The death of John Singleton marks a tragic time in Hollywood. Singleton’s career as a filmmaker was historic due to his depiction of the African-American experience. Singleton’s films are iconic because of the beautifully crafted lessons taught in each film.

His ability to capture the black experience and artistically critique it allows him to provide life-altering messaging while properly representing black America. Singleton was able to shed light on issues that still affect black America today.

Opinion: John Singleton’s lasting legacy in African-American cinema

Johnson is a communication studies sophomore and guest columnist for The Shorthorn.

For over 20 years, Singleton has been a storyteller for black America. With his death, we must honor his legacy as a pioneer of modern black cinema.

In his 1991 debut film Boyz n the Hood, Singleton brought to light a common issue in the African-American community: the lack of a father in the home.

African-American children have the highest rate of living in a one parent household, nearly five times more than white children. Children in fatherless home are more likely to experience poverty, neglect and behavioral issues, which increases the chances of criminal activity, substance abuse and incarceration.
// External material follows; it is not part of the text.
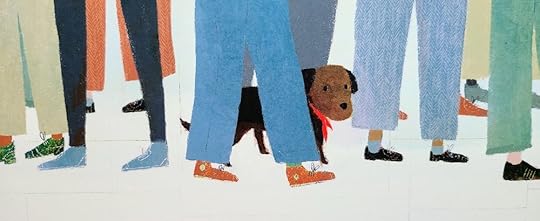 On the other hand, Perdu works splendidly as the simple story of a little lost dog in search of a home. Jones’s art is exquisite. Textured and bold, to my eye, it has a warm, retro feel reminiscent of illustrators like Ezra Jack Keats and Charley Harper. Perdu himself has all the charm of a scruffy little mongrel, and much of the story’s emotion is told through the brilliant way Jones captures his body language.

Boyz n the Hood taught African-American men to be present parents and mature adults. Singleton later continued this theme of fatherless men in his 2001 film of Baby Boy. The coming of age drama continued the narrative of the importance for young black men to take on the responsibility of manhood and strive to change the status quo.

Singleton’s teaching didn’t stop with just lessons on manhood. In his 1993 film Poetic Justice, Singleton provided tools to keep hope when odds are stacked against you. He did this by showing how creativity and the pursuit of artistic vision can be ways to escape from a bleak reality.
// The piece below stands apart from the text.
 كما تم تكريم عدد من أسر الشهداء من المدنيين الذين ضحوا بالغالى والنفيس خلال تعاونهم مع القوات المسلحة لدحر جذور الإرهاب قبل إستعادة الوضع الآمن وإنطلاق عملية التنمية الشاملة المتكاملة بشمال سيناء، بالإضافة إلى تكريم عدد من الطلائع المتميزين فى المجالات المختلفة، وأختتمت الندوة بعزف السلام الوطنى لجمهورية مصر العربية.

Pain can be a catalyst for success on the artistic plane. Singleton himself drew inspiration from his childhood growing up in south central Los Angeles to make feature films as a way of expression.
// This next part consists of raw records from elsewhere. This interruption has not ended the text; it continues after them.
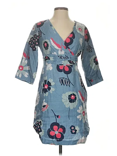 Boden Casual Dress, Size: 4. Item Details: Blue, Wrap, V-Neck, Short Length, 3/4 Sleeve, Print, Women's Dresses, 100% Linen
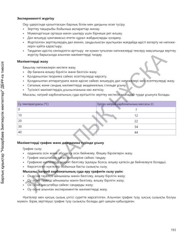 Мысалы, натрий карбонатының суда ерігіштігін зерттеу кестесін мынадай түрде ұсынуға болады.
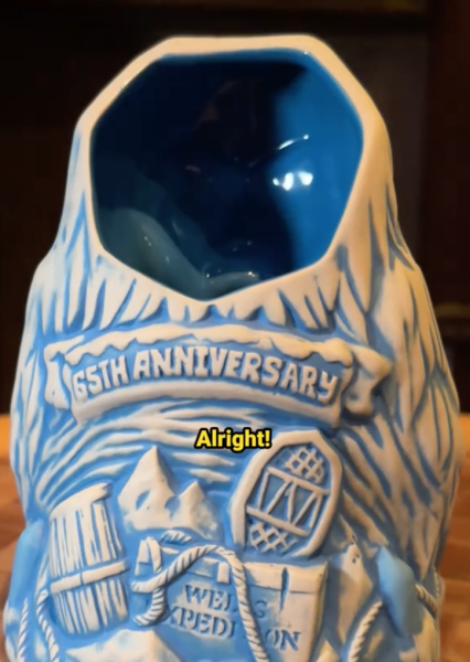 OK, so back on June 1st, Trader Sam’s Enchanted Tiki Bar at the Disneyland Hotel debuted a sweet Coconut-Pineapple Dole Whip in a brand-new Matterhorn Bobsleds 65th Anniversary souvenir cup. We gave it a try, and you can read our full thoughts in our latest review! And as much as we liked our cute little souvenir cup, we were hoping for something else. This is Trader Sam’s, after all. We want a tiki mug!

Just like the characters of the film, many African-Americans create poetry to help handle the emotional trauma of reality. Famous modern poets like Kendrick Lamar, Schoolboy Q and the late, great Nipsey Hussle used the very tools Singleton stressed to make the most of their situations and help the black community.

For me, one of Singleton’s most impactful movies is his 1995 film Higher Learning. It stresses the importance of education while tackling race, gender and economic divides on a college campus.

Singleton inspired me to continue my goal of achieving a college degree, while helping me to better understand the inequality of America. Only 17% of African-American males over the age of 25 have a bachelor’s degree or higher. The importance of education needs to be stressed in the black community. We’re in a time just like the one depicted by Singleton; a time of hate, injustice and economic inequality.

For the African-American community to continue to grow, we must tackle these issues so we can empower ourselves in the future.

John Singleton was not only a forefather of black cinema but also a visionary and teacher of the black experience. Through his vision, Singleton was able to change countless lives in the black community.